■ YOUR TASK ■
In your copy, leave out the pictures and output only the lines from the one holding "The Yonkers Side" through the end of the data below, exactly.

■ INFORMATION SHOWN ■

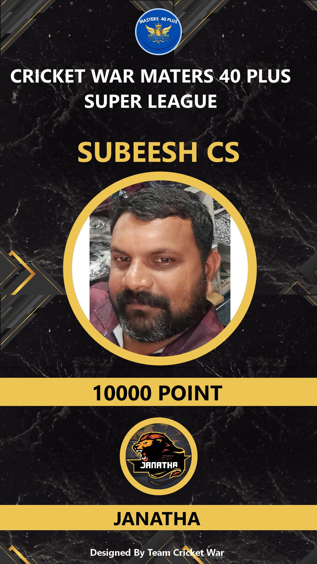 BATSMAN, AGE : 41 THRISSUR Bid Amount : 6500 Team : TEAM VIJAYADEEPAM Download ID Card VIEW PROFILE |
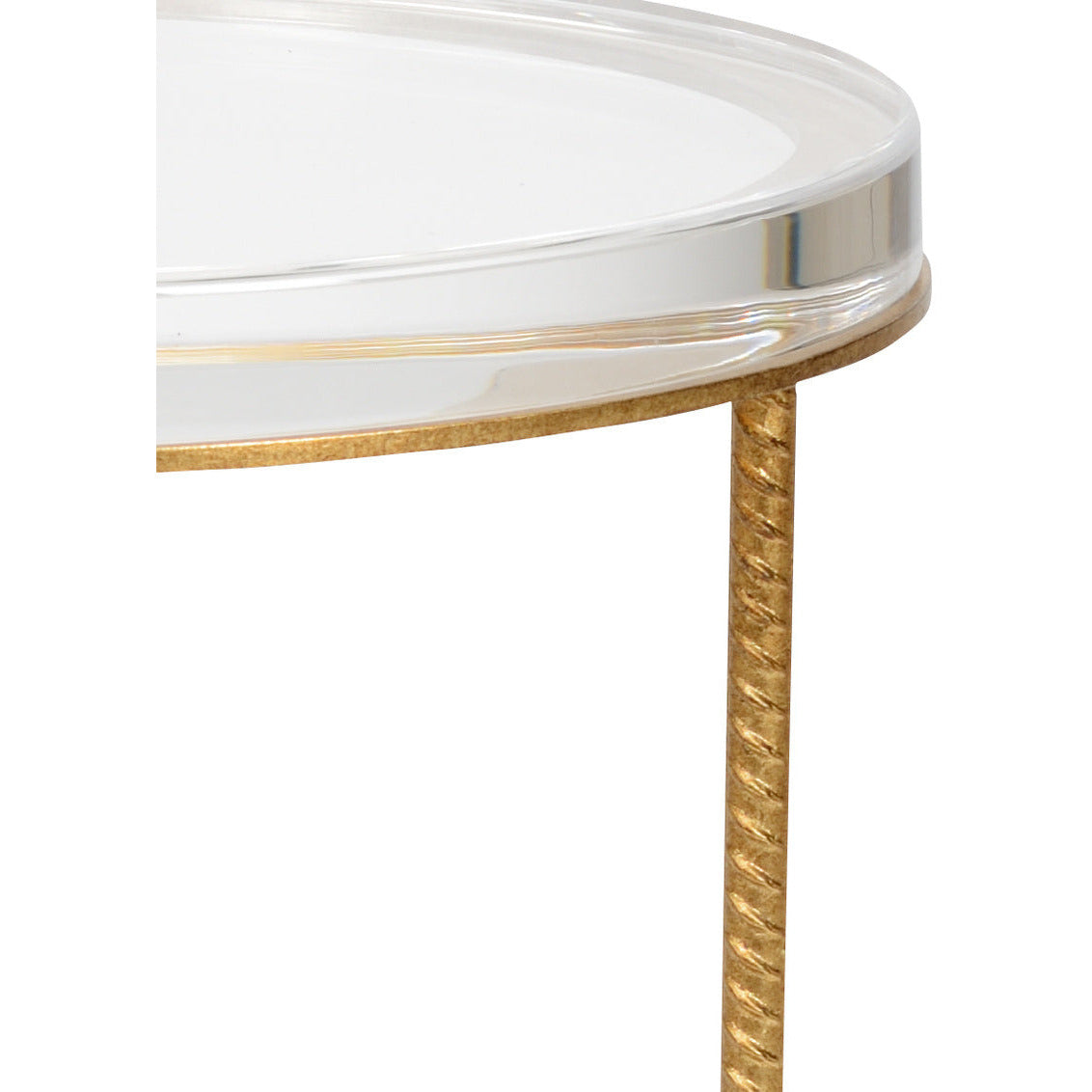 The Yonkers Side Table dons a gold, rope-detailed base an acrylic table top. Gold leaf iron acrylic 15" dia x 21"h
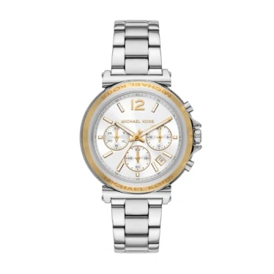 40mm case, 16mm band width, mineral crystal, Quartz movement with chronograph analogue display, imported. Round stainless steel case, with a white dial. Silver, stainless steel bracelet. Water resistant up to 50m: Wearable while swimming in shallow water.

■ EXPECTED ANSWER ■
 The Yonkers Side Table dons a gold, rope-detailed base an acrylic table top. Gold leaf iron acrylic 15" dia x 21"h
 40mm case, 16mm band width, mineral crystal, Quartz movement with chronograph analogue display, imported. Round stainless steel case, with a white dial. Silver, stainless steel bracelet. Water resistant up to 50m: Wearable while swimming in shallow water.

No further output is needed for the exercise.